Kansas State Presidency 
In 1879, Fairchild was hired as the third President of Kansas State Agricultural College in Manhattan, Kansas (later Kansas State University).  He took office on December 1.  Notably, at the same time one brother, James Fairchild, was President of Oberlin College and another brother, Edward Henry Fairchild, was President of the progressive Berea College.

While at Kansas State, Fairchild stepped into an ongoing debate about the role of land grant colleges.  While some felt that the college should be limited to agricultural and mechanical arts, Fairchild reimplemented a classical liberal arts education at Kansas State.  He is credited with saying, "Our college exists not so much to make men farmers as to make farmers men."  Fairchild restored classics courses and brought in prominent professors.  He also bolstered the number and caliber of students at Kansas State, lifting attendance at the young school from 207 to 734 students during his tenure.  Ernest Fox Nichols, Philip Fox, Walter T. Swingle, Charles Lester Marlatt and David Fairchild (his son) were drawn to study at the school during this era.

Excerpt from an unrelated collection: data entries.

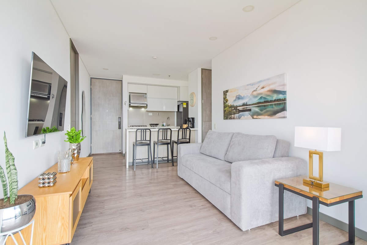 En este apartamento estarás en uno de los mejores ambientes de Envigado, en un edificio nuevo, a solo unos pasos del Mega Mall Viva Envigado, con diversas tiendas, gastronomía local e internacional, muchos más servicios y facilidades de transporte público y privado, en uno de los barrios más tranquilos, tradicionales y mágicos de Envigado. No olvidarás esta maravillosa experiencia, siempre querrás volver. Lugar perfecto para compartir en familia, amigos o para realizar home office.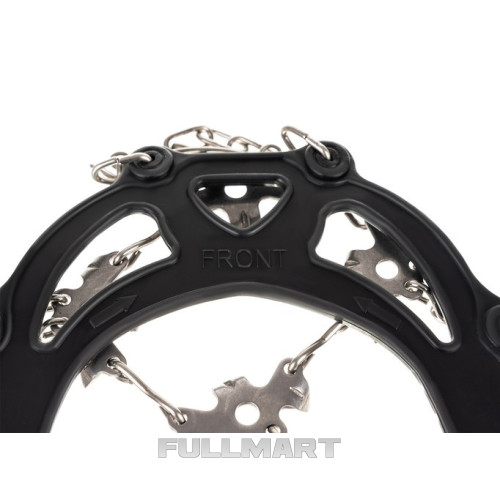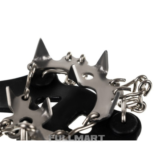 - ТЕХНИЧЕСКИЕ ХАРАКТЕРИСТИКИ - цвет: черный/серебристый; материал: ТПЭ/металл; количество зубов в 1 раке: 19; размер: Л 41-44; толщина резины, удерживающей цепи: 0,5 см; высота шипа: 1 см; вес: 332 г; вес с упаковкой: 364 г.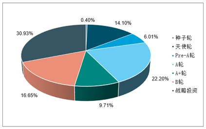 从融资金额来看,据统计,战略投资虽然仅有7笔,但是由于公司发展前景良好,与投资方合作密切等原因,获得的投资金额占比最高,占全部比重的30.93%;由于初期的融资金额较低,虽然天使轮和A轮在融资事件张占据了绝大比重,但在融资金额上比重略小,分别为14.10%和9.71%。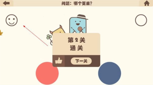 分别向上拖动两个球,通过感受它们下降速度的快慢来判断哪个更重,然后点击较重的那个球上方的圆圈。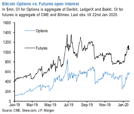 For options, by contrast, there is less reason to expect such a divergence to persist, as margins are not used in the same way to gain leverage as for futures. Also, some hedge funds who do not necessarily have a fundamental view on bitcoin direction could see opportunities in trading volatility. The CME’s reputation and credibility in US derivatives markets more broadly could be a substantial advantage in attracting those potential market participants. Courtesy: JPM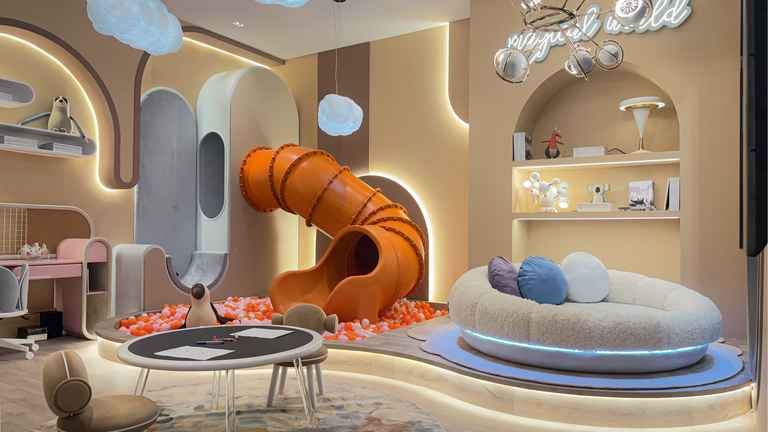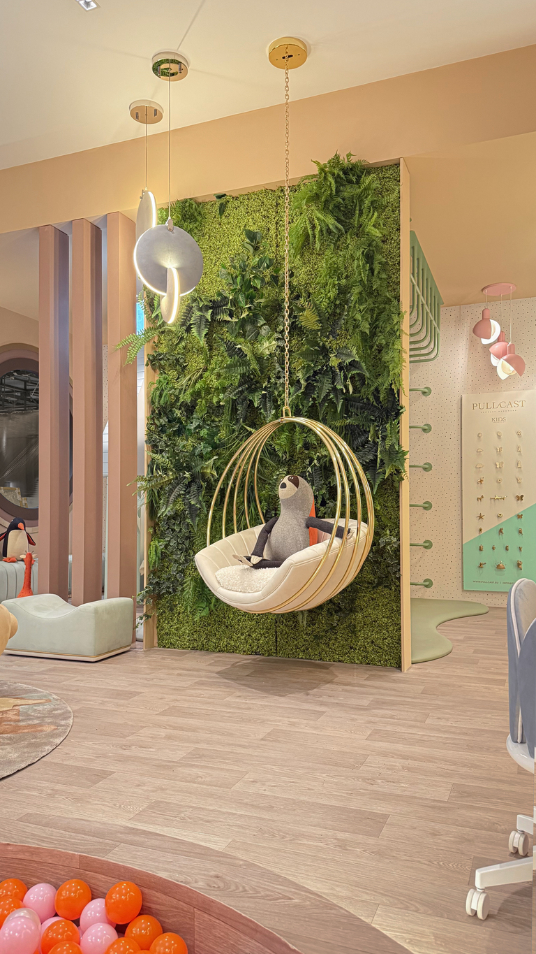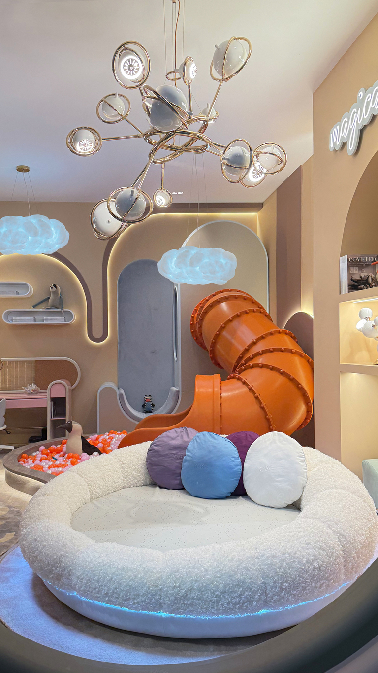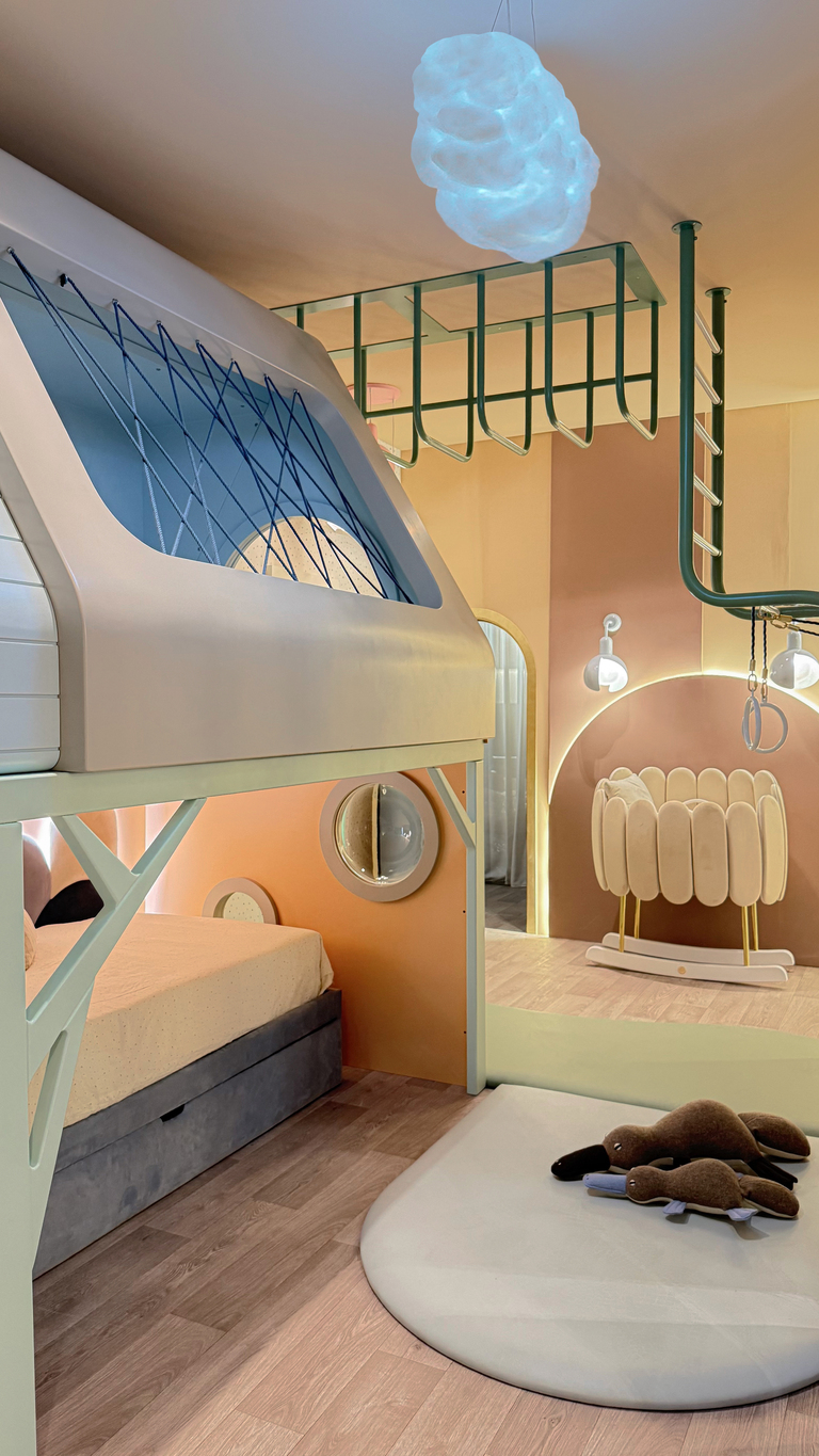 Lighting in kids’ interiors took on a narrative role this year. Fixtures resembled floating clouds, glowing moons, and abstract creatures, turning illumination into a source of wonder. Beyond aesthetics, there was a strong focus on adaptability, on lights that shift in tone and intensity to support everything from playtime to bedtime. Designers are clearly thinking about emotional rhythms, using light to help children transition through their day.
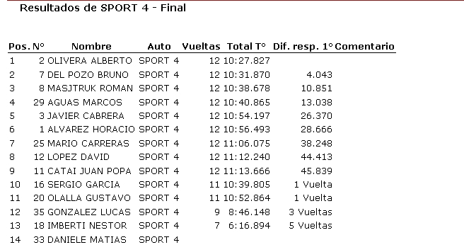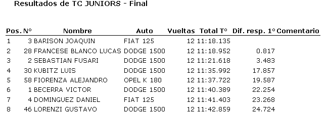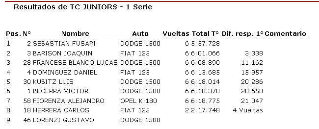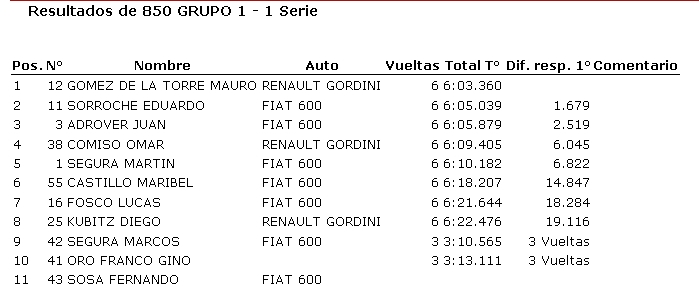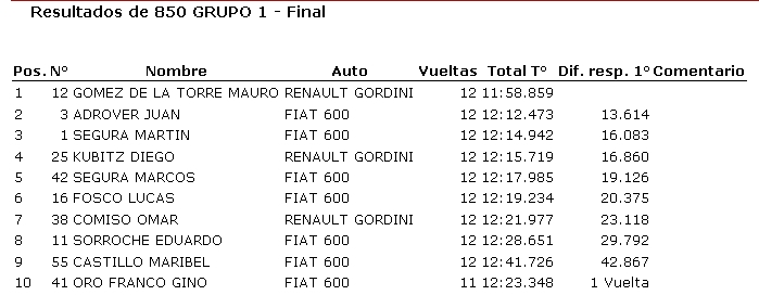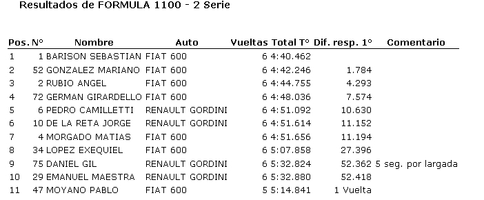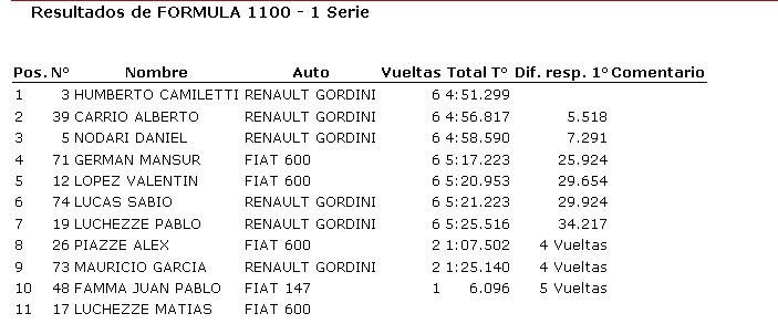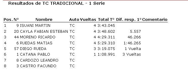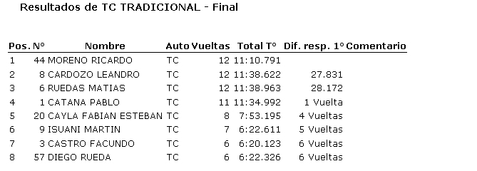 Ayer se disputó en el autódromo Víctor García una nueva fecha de Categorías Tradicionales, donde resultaron ganadores Mauro Gómez de la Torre (850), Humberto Camiletti (Fórmula 1100), Joaquín Barisón (TC Júnior), Ricardo Moreno (TC Tradicional) y Alberto Olivera (Sport 4).

President Fairchild retained his position at Kansas State until June 30, 1897.  Fairchild submitted his resignation that year in connection with a complete restructuring of the college by members of the Populist Party on the state Board of Regents, who terminated the majority of teaching faculty because the board disagreed with the university's direction. Fairchild penned a widely-read article in The American Journal of Sociology claiming that party politicians aimed to "capture" Kansas State Agricultural College "for a school of socialism." He alleged that Regent Christian B. Hoffman, recently returned from the utopian community at Topolobompo (Sinaloa, Mexico), was one of the primary instigators. Education leaders from around the country wrote supporting letters to the outgoing president.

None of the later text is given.